Back on number 006 of this flip-book, I wondered about the sequence of events in my life that had led me from small-town, small-time, smallest-bedroom obscurity to this penthouse apartment in Stockholm; how had LOSER reached CHAMP?
Now, as I move to the kitchen to prepare breakfast, it's time to revisit the theme. Look at that astonishing view of the city skyline; how on earth did I get to see this?
The first rung of my ladder, thirteen-thousand nine-hundred and ninety one days earlier, was a modest semi-detached house in Claregate which used to be, between 1959 and 1963, a very pleasant suburb of Wolverhampton; I hope it still is.
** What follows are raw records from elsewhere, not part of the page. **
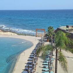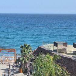 Schon zum Frühstück ist es heute deutlich wärmer als die letzten Tage: Wir brauchen weder Pulli noch Schal oder Jeans, um draußen nicht zu frieren. Bei unserem Spaziergang zum Strand empfinde ich sogar die Sonne auf dem Kopf als zu heiß und ich kehre in einer Strandbar ein, während Michael schwimmt und sonnt. Den Nachmittag verbringen wir lesend auf dem Balkon - auch um den vielen Menschen im Hotel etwas zu entgehen.Read more
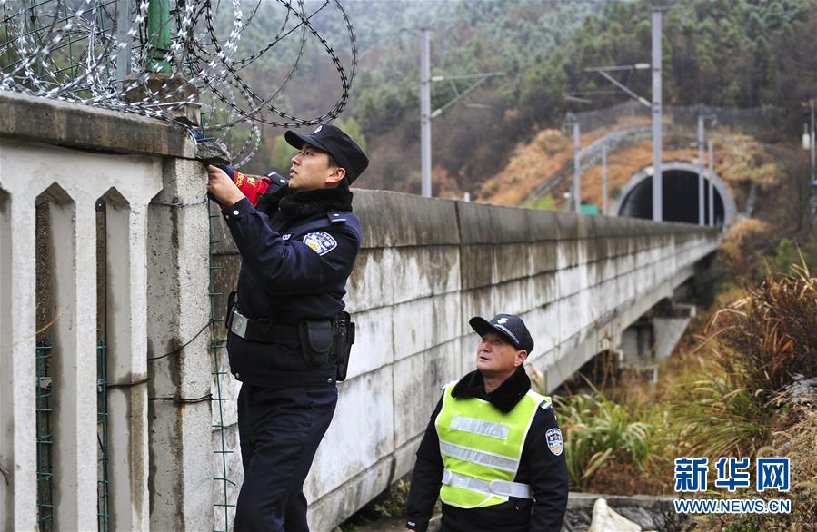 12月18日,常曉龍(左)在排查鐵路沿線護(hù)欄的安全隱患。新華社記者鄧堅攝
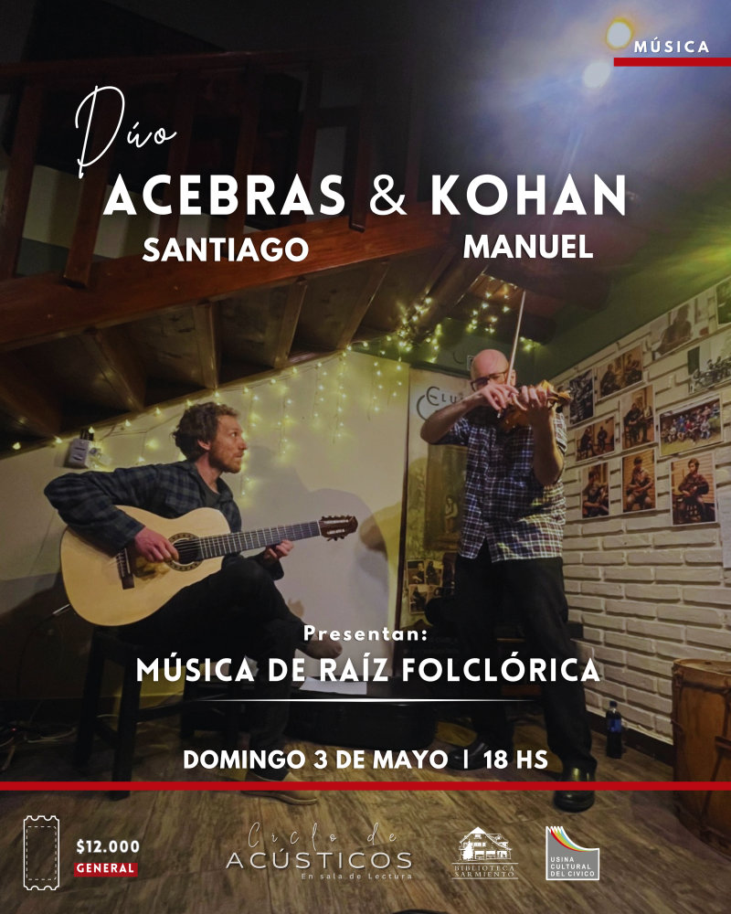 ☀️El dúo formado por Santiago Acebras (violín) y Manuel Kohan (guitarra de 7 cuerdas) propone un viaje por la música argentina, desde el chamamé hasta la zamba, pasando por chacareras, bailecitos y tangos.Músicas de Ariel Ramírez, Ángel Villoldo, Raúl Barboza, Sebastián Piana y Eduardo Falú, entre otros grandes.
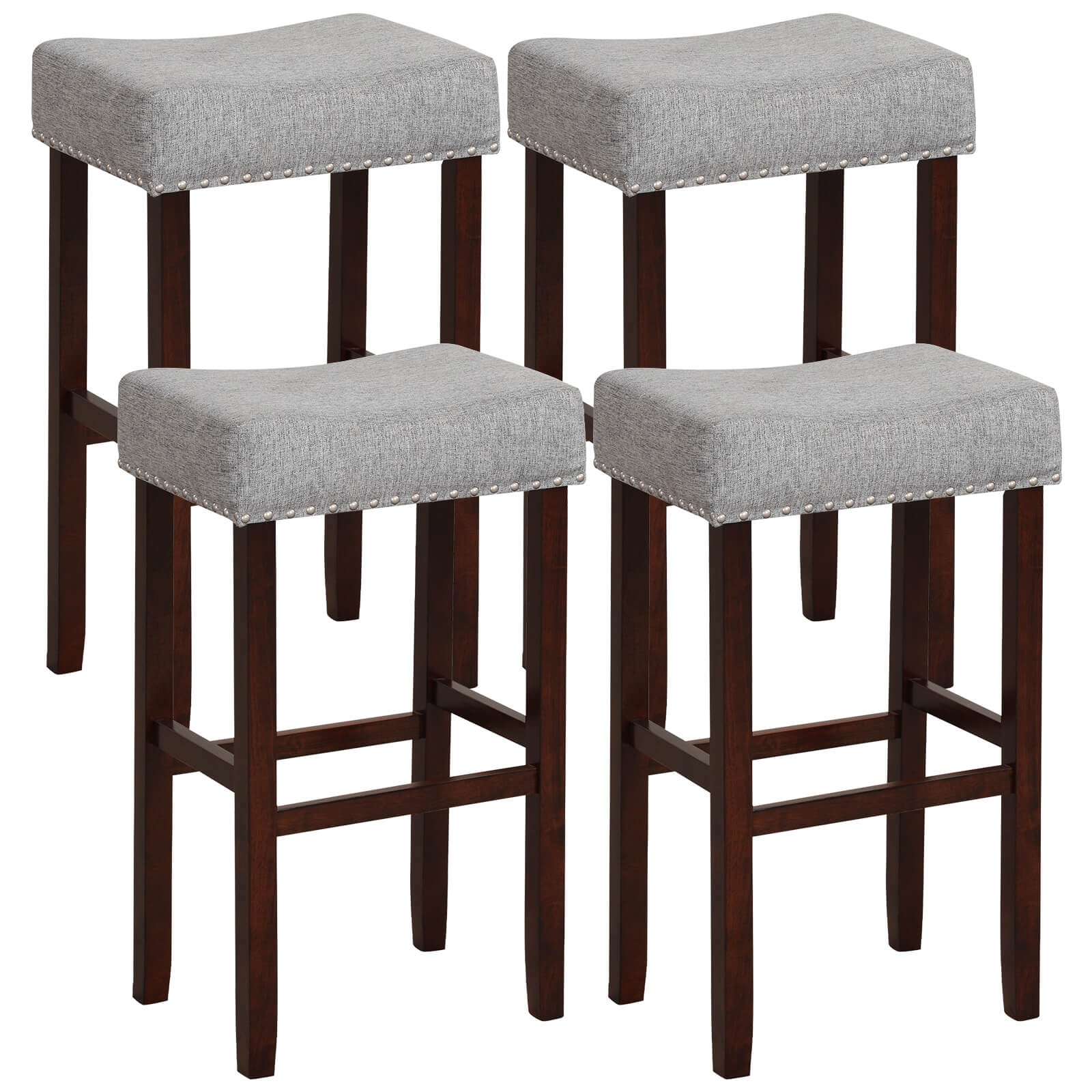 29 Inch Set of 2 Height Upholstered Bar Stool with Solid Rubber Wood Legs and Footrest, Gray

I'm aware of three earlier ladders beneath mine, one atop another, all of them climbing quietly through the working-class England of the last century.
- My dad's paternal grandfather was a stevedore for the coal-barges that plied the Staffordshire & Worcestershire Canal: outdoor work, a lot of heavy lifting in all weathers.
- One of his sons, my grandfather, was a sheet-metal labourer: indoor work in primitive factory conditions, some heavy lifting.
- My father trained in (and became an expert at) the processing of photography for various organs of the Midland News Association: indoor work in climate-controlled conditions, no heavy lifting at all but needing to have his hands immersed in very cold water much of the time.
Everything augured well for me then, by the time I came to be born in the spring of 1959. It looked as if whatever career I chose to pursue would involve being indoors, pampered by central heating or air-conditioning, doing no lifting of any weight whatsoever, and maybe not even needing to wake up. A veritable workers' paradise; but first I would need to grow through infancy, childhood and adolescence.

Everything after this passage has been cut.